Но бунтарь-святотатец не разрушал православную истину, а дополнял и обогащал ее из древнего лона познания. Ибо его настоящее прозрение было не в кощунственном взрыве Курской богоматери, но в последовавшем осознании необъятной мощи движущих сил - энергий ветра и электричества. Овладеть ими, а не дерзить древним символам, стало его жизненной миссией.
И в годы несказанных смут - революций, народных бурь, войн и разрух - росток этого бесценного знания питала невидимая нить, протянувшаяся от искр первых мыслителей-одиночек. На полдороге между Уфимцевым-безумцем и победным торжеством грядущей научной мысли встретился посредник Николай Антимонов.
Это был уже не бунтарь в облике провидца, но педант и хранитель знания. Он воспитывал юные умы в лоне народоведения, открывая им красоту и хрупкость родной земли. Даже в огненный ад Великой Отечественной Антимонов вел своих питомцев для малых, но бесценных открытий вдоль речных русел - тех самых жизненных артерий России, что столетиями питали души ее лучших сынов.

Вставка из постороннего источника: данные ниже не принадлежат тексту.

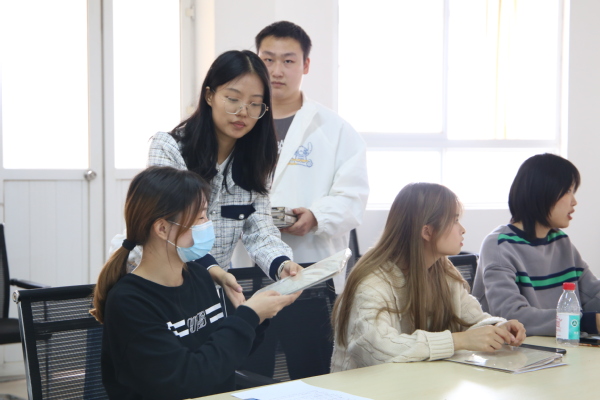 学院学工办为感谢学生会监察部全体成员长期以来为疫情防控工作付出的贡献,特准备纪念品,由王一老师为各成员分发。
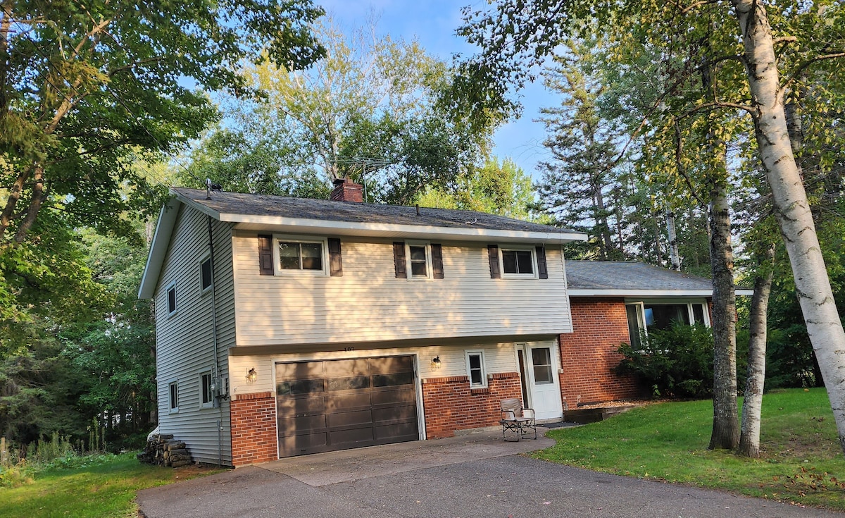 Nestandartinė rąstinė trobelė miške vos už 15 minučių kelio nuo Marquette centro. Rami vieta, tačiau pakankamai arti, kad galėtumėte mėgautis parduotuvėmis, restoranais ir paplūdimiais. Puikus vaizdas į Kawbawgam ežerą iš terasos (nėra prieigos prie ežero). 40 minučių kelio automobiliu iki Paveikslėlių uolų. Galima naudoti laužavietę kieme ir židinį svetainėje. Apatiniame aukšte yra baras su televizoriumi ir žaidimų kambarys su stalo teniso stalu ir smiginio lenta. Puiki vieta šeimoms ir sniegaeigiams!

Так, соединив невидимыми узами столетия и поколения, эстафета вечного любомудрия в России была передана дальше. Ибо в начале нового, двадцать первого века пришло время последнего, решающего рывка человечества к обузданию энергий земли и ветра.

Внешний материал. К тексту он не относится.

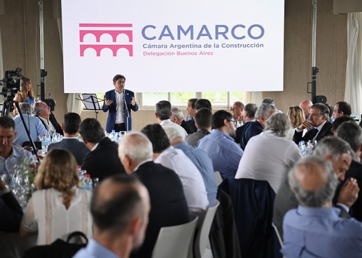 (La Plata,05.Dic.2023 / A1 Noticias) “Tenemos la vocación y el compromiso para continuar con el plan de infraestructura que iniciamos hace cuatro años y le ha transformado la vida a millones de bonaerenses”, afirmó el gobernador Axel Kicillof al participar este martes de un encuentro para celebrar el Día de la Construcción organizado por la Cámara Argentina de la Construcción (CAMARCO). Fue en el Salón Oval del Club de Regatas La Plata, en Ensenada, junto al titular de la delegación provincial de CAMARCO, Lucas Luciano.
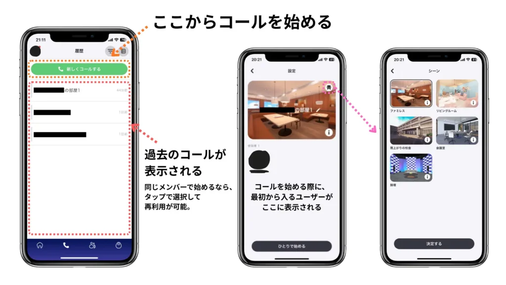 ボトムメニューの電話アイコンをクリックすると、一転さながら電話アプリのような画面が現れる。「新しくコールする」との緑のボタンが上部にあり、そこから通話に参加する人(フレンドから)を選び、通話における各種設定を行って通話を開始できる。
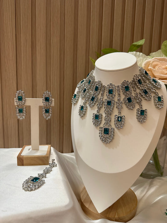 Tirana Necklace Set - Silver/Green
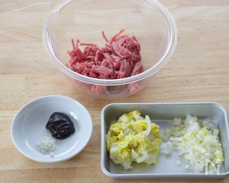 ①長ネギと白菜を細く刻みます。白菜は電子レンジ600Wで3分加熱して水気を絞ります。

Над бескрайними евразийскими просторами гигантские ветроустановки воздвигают свои лопасти, подобно крылатым богатырям. Они вобрали в себя все диковинные замыслы Уфимцева и его предшественников. А под их мерным гулом разливается безбрежный энергетический поток, питающий и обогревающий целые краи и веси.
И все же, в беспокойные вечера, затихая у мерцающего экрана, каждый россиянин порою погружается в невидимый диалог с воистину бессмертным знанием. Ибо там, средь цифровых интерактивных моделей струятся все те же, некогда запечатленные умами Семеновыми и Уфимцевыми, роскошные вихревые спирали - видения, покорявшие гениев и безумцев на протяжении столетий...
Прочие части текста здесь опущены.